Treatment, Prophylaxis, and Prognosis
Treatment is largely supportive, with some evidence that cidofovir, an antiviral with activity against cytomegalovirus, has activity in animal models (see Table 40-7 ). Aggressive ICU support, including volume resuscitation, vasopressor support, and low tidal volume ventilation should be used for severe cases. Vaccination as soon as possible after exposure may reduce the severity of illness and is the mainstay for reducing spread and controlling disease in the community. Vaccination administered within 4 days of exposure can still provide protection. Passive immunization with vaccinia immune globulin is FDA approved for patients suffering progressive vaccinia infection after vaccination; whether it has efficacy in treating smallpox has not been determined.
Mortality varies with the clinical category. The ordinary type carries a mortality from multiorgan failure and hypotension of around 20%, with the flat and hemorrhagic types carrying a higher mortality and the modified and sine eruptione types carrying a much lower mortality. Complications include secondary bacterial skin infections and pneumonia, along with encephalitis, orchitis, and extensive scarring of the skin and corneas.
Infection Control
Spread is through contact with infected lesions or respiratory secretions and thus full PPE, including respiratory protection, gown, gloves, and face shield, is required. CDC guidelines recommend airborne isolation with use of an N95 particulate respirator or a powered air-purifying respirator for respiratory protection, and all health care workers involved in care of a smallpox patient must be vaccinated against smallpox (see Table 40-8 ). If smallpox is suspected, public health officials must be contacted immediately.
Plague
General
Yersinia pestis is the etiologic agent of plague and has caused multiple pandemics, despite being a recently evolved pathogen. Plague is a zoonosis, primarily affecting rodents; humans and other animals (especially domestic cats) are accidental hosts. The natural ecosystem of Y. pestis depends largely on the flea-rodent interaction, with seasonal variation based on environmental conditions that favor large rodent populations. Infected fleas bite their rodent hosts, inoculating the rodent. Mortality in these animals is lower than in nonrodent mammals, and disease is passed from infected rodent to flea and the life cycle continues. Y. pestis is transmitted to humans by bites from rodent-infected fleas, scratches or bites from infected animals, exposure to infected humans, or bioterrorism. Bites by infected fleas are the most common mode of transmission; squirrels, rabbits, domestic and wild cats, and prairie dogs are the most common sources of infected fleas. Large rodent or other animal die-offs, particularly in more susceptible species, may herald a large epidemic in nature. Plague is found worldwide; in the United States endemic disease is concentrated in the western states; most likely because of introduction of Y. pestis– infected rats through the ports of San Francisco, Los Angeles, and Seattle in the late 19th century.
Clinical Presentation
Three clinical syndromes are associated with plague: bubonic plague (80% to 90% of cases), septicemic plague (10% of cases), and pneumonic plague (very rare).

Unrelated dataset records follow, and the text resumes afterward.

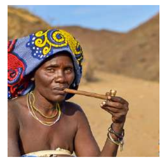
Cubal woman with characteristic ompota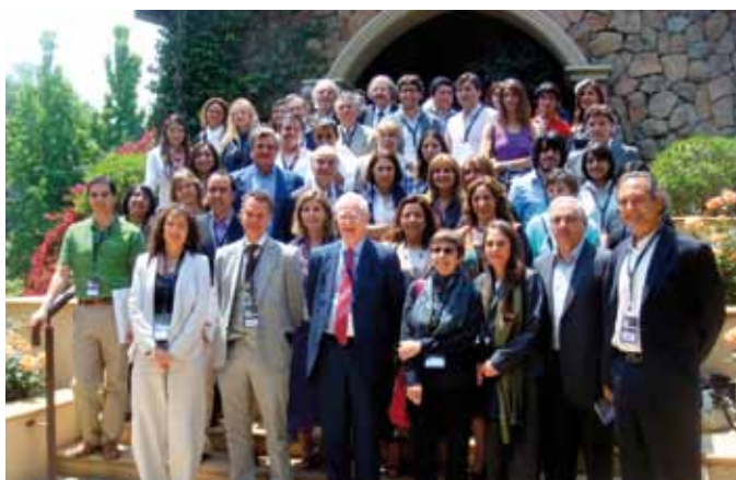
Delegates at the Santiago meeting

A Bioethics Symposium was held in Santiago, Chile from 11-13 November. It was supported by the Chilean Society of Reproductive Medicine, The Chilean Society of Obstetrics and Gynecology, the Chilean Institute of Reproductive Medicine, the Red Latinamerican Society of Assisted Reproduction, the Pan American Health Organisation, WHO and IFFS and attended by up to 160 delegates. The reason for holding the Symposium was that there has been considerable pressure from faith-based organisations to restrict ART services. This followed the example of Costa Rica, which has been the only country in the world to ban all ART.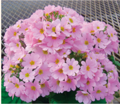
801002 New Fuji Cherry

After an incubation period of 2 to 7 days, symptoms usually arise, which differ depending on the clinical syndrome. The incubation period is prolonged and asymptomatic, due to multiple mechanisms used by Y. pestis to minimize early innate immune responses and inflammation, including specific inhibition of inflammasome activation.
In bubonic plague, a sudden onset of fevers, chills, and headache is followed by pain and swelling in the regional lymph nodes proximal to the site of the bite or scratch. This lymph node (bubo) is characterized by intense tenderness with erythema and edema but without fluctuation ( Fig. 40-4 ). Without treatment, disease disseminates, leading to pneumonia, meningitis, sepsis, and multiorgan failure. The development of secondary plague pneumonia is important to detect, because such patients are highly contagious.